L'histoire du mouvement
La naissance du Mouvement
La préhistoire
La première origine de l'ACER est liée à l'activité missonnaire protestante dans la Russie pré-révolutionnaire. Au début du siècle, alors que le courant positiviste rationnaliste en vogue au XIXème commençait à s'essoufler, on peut assister à un renouveau de la recherche spirituelle dans les milieux étudiants. Ce tendance encore très éloignée de l'Eglise, était plutôt attirée par le courant évangélique et les "salons" des missionnaires protestants d'origine américaine.
C'est dans cet esprit que se formèrent des "Cercles d'Etudiants Chrétiens" interconfessionnels dans les deux capitales, Saint-Pétersbourg et Moscou, puis dans de nombreuses grandes villes de Russie. En 1910 eut lieu en Finlande le premier congrès réunissant ces cercles, et en 1913 ils se fédérèrent sous le nom de Rossiskoie Studencheskoie Khristianskoie Dvijenie, traduit plus tard en français par : Action Chrétienne des Etudiants Russes, qui devint membre de la Fédération Universelle des Associations Chrétiennes d'Etudiants, la FUACE.
Après la révolution russe de 1917, ces cercles d'étudiants chrétiens se reformèrent dans les grands centres universitaires de l'émigration : Prague, Belgrade, Sofia, Paris… Beaucoup de leurs membres actifs venaient du mouvement qui avait pris naissance en Russie, comme par exemple A.I. Nikitine, L.N. Liperovsky, S. Shoukin, Mme Breche. L'organisation américaine Y.M.C.A (Young Men Christian Association), qui avait déjà joué un rôle important dans la formation de ces cercles en Russie, continuait son travail au sein de la jeunesse russe dans l'émigration, en particulier à Berlin. Une partie de ces étudiants redécouvrait peu à peu l'Orthodoxie ; ils s'intéressaient de plus en plus à une Eglise Orthodoxe qu'ils avaient délaissé dans leur pays d'origine, mais qui dans l'émigration n'avait plus la même place politique que dans la Russie pré-révolutionnaire.
C'est ainsi que durant la période qui a précédé le congrès fondateur de Pcherov, deux conceptions différentes du travail des cercles opposèrent les étudiants.
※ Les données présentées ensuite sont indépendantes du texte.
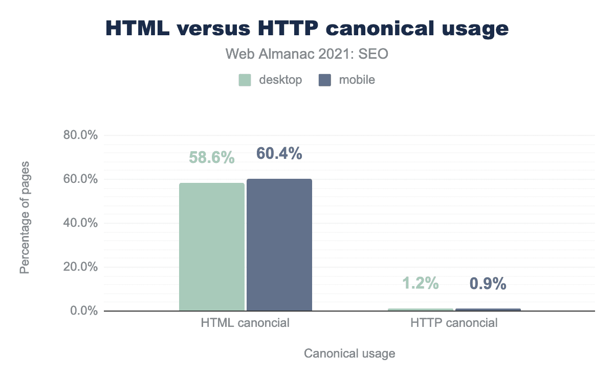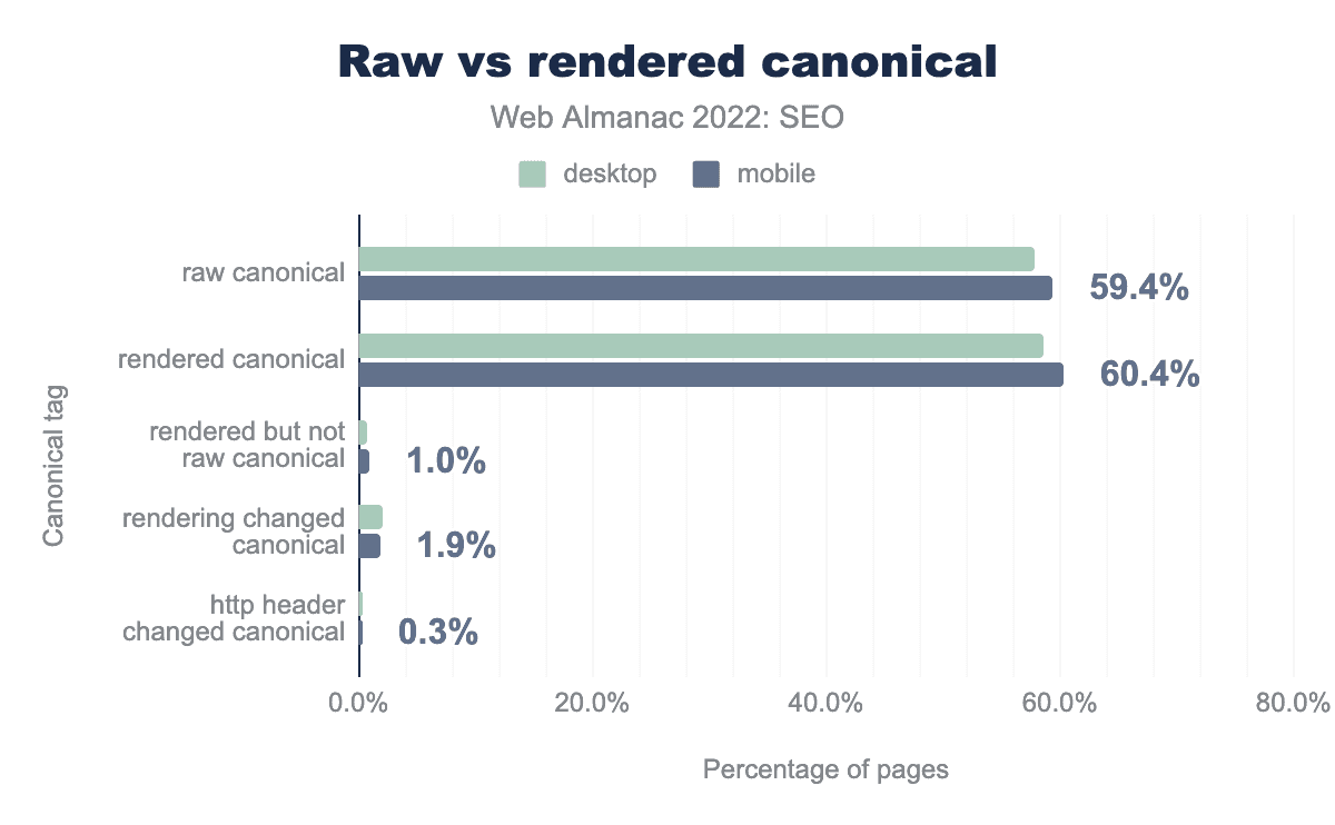 2021年の未加工のcanonical使用率は57.7%、レンダリングされたcanonical使用率は58.4%であったのに対し、2022年には若干の成長が見られ、未加工のcanonical使用率は59.4%、レンダリングされたcanonical使用率は60.4%に上昇しました。これは、カノニカルの使用率全体の伸びと相関しています。

Les uns souhaitaient garder ce caractère "interconfessionnel", en réalité d'inspiration protestante des "Cercles d'Etudiants Chrétiens" tandis que les autres voulaient s'orienter vers un travail à caractère strictement ecclésial et orthodoxe ; ce fut un thème de débats très vifs pendant cette période .
C'est dans ce climat qu'arrivèrent, après leur expulsion en 1922, les grands intellectuels acteurs du renouveau spirituel et théologique russe du début du siècle. Ils avaient connu l'esprit rationaliste et positiviste qui régnait en Russie à la fin du siècle dernier et en avaient été souvent d'actifs promoteurs. Ils en avaient cependant expérimenté la vanité et avaient redécouvert la richesse de l'Orthodoxie grâce à un cheminement personnel.
Dès leur arrivée dans les grands centres de l'émigration, ils se mirent au service des cercles aux sein desquels ils œuvrèrent pour le développement de la conscience ecclésiale au sens d'une Eglise ferme dans la plénitude de sa foi, mais ouverte sur les questions du monde qui l'entoure.
C'est ce renouveau spirituel et théologique mis en place par des personnalités parmi les plus brillantes de l'intelligentsia russe du début du siècle, qui constitue la seconde origine de l'ACER.
Le congrès de Pcherov (1-7 octobre 1923)
En 1922 et au début de l'année 1923 les contacts entre les cercles se multiplièrent, la nécessité d'une rencontre et d'un travail en commun était au centre de toutes les préoccupations. A l'initiative principalement d'A. Nikitine, membre du cercle de Sofia, fut décidé l'organisation d'un congrès des responsables des cercles de toute l'émigration russe à travers l'Europe en automne 1923. Ce congrès réunit au château de Pcherov en Tchécoslovaquie 33 délégués de la jeunesse ; plusieurs personnalités de la génération des "professeurs", père Serge Boulgakov, P. Novgorodtsev, A. Kartachev, N. Berdiaev, B. Zenkovsky ; les représentants étrangers de la FUACE et de l'Y.M.C.A, Miss Rous, Hollinger, Koulman, Lawry, ainsi que L. Liperovsky et L. Zander.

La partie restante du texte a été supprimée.